السلا م عليكم ورحمة الله وبر كا ته

WELCOME IN MY BLOG

Sabtu, 14 Januari 2012

Makan dan Kerja

Seorang ikhwah sedang dalam proses menuju pernikahan. Kali ini ia diundang oleh orangtua si akhwat – yang telah dikhitbah olehnya beberapa hari sebelumnya – untuk makan siang bersama di rumah sang Bapak. Sang mahasiswa sempat keder dan berusaha menolak undangan tersebut dengan berbagai macam alasan acara dan aktivitas. Namun alhamdulillah, sang ikhwah nampaknya tidak diundang sendirian, melainkan bersama keluarganya.

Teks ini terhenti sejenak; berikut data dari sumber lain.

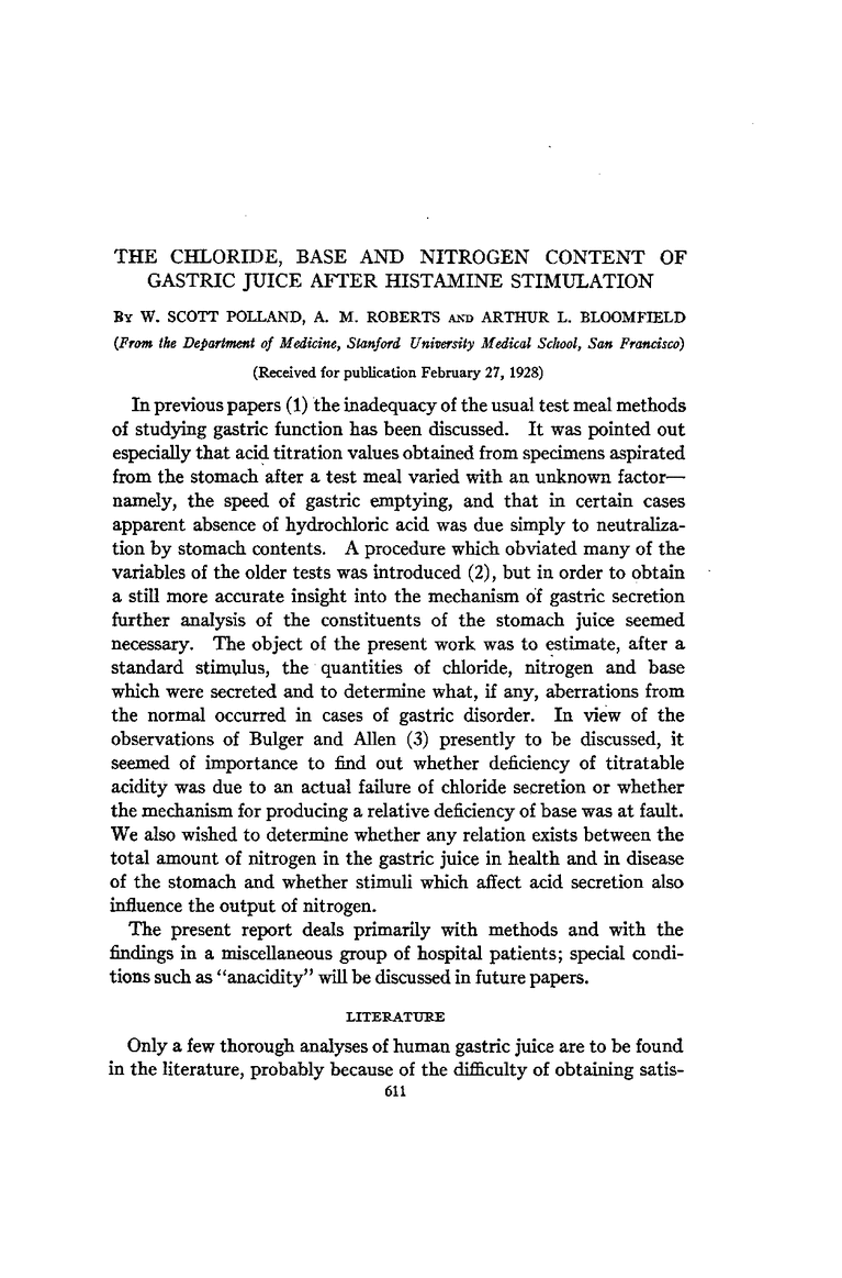 W. Scott Polland, … , A. M. Roberts, Arthur L. Bloomfield
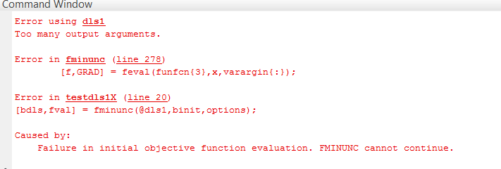 โดยจะเอาค่าต่างๆแทนในฟังก์ชัน dls1 เพื่อที่จะหาค่าของตัวประมาณ b0 b1 ที่ทำให้ f มีค่าสูงสุด แต่พอผมรันโปรแกรม ได้ error ดังนี้ครับ

Tiba saatnya makan siang, kedua keluarga telah siap di depan meja makan. Sang Akhwat tak nampak di antara yang hadir, mungkin aktivitas dapur lebih menarik dan lebih ‘aman’ baginya. Sang Bapak pemilik rumah menawarkan pada pada para tamu untu segera memulai menikmati hidangan. Dan mulailah para tamu mengambil hidangan secara bergantian, dan menikmatinya. Adalah sudah menjadi gambaran umum bagi seorang ikhwah untuk selalu ‘itqon’ dalam setiap aktivitasnya. Demikian juga akhi kita tersebut, sebagaimana sudah menjadi ‘fitrah’ dan kebiasaannya di kost-kostannya yang dulu, ia pun makan dengan lahap dan cepat, jauh meninggalkan para hadirin yang lain. Bagi para ikhwah, hal tersebut adalah wajar dan manusiawi. Tapi bagi seorang calon mertua ?. Benar juga, sang calon mertua agak terkejut dengan aktivitas makan calon menantunya tersebut. Mungkin ia berpikir, ” kok ustad makannya banyak ya ? “. Keterkejutan ini berdampak pada perubahan wajah dan pandangan matanya. Keterkejutan tersebut tampaknya diketahui oleh Bapak sang Akhi, dan membuat beliau menjadi agak malu juga. Akhirnya sang Bapak Pemilik rumah tak bisa menyembunyikan keheranannya, dan berkata menyindir,

“Wah .., Nak Budi makannya lahap juga ya .? “.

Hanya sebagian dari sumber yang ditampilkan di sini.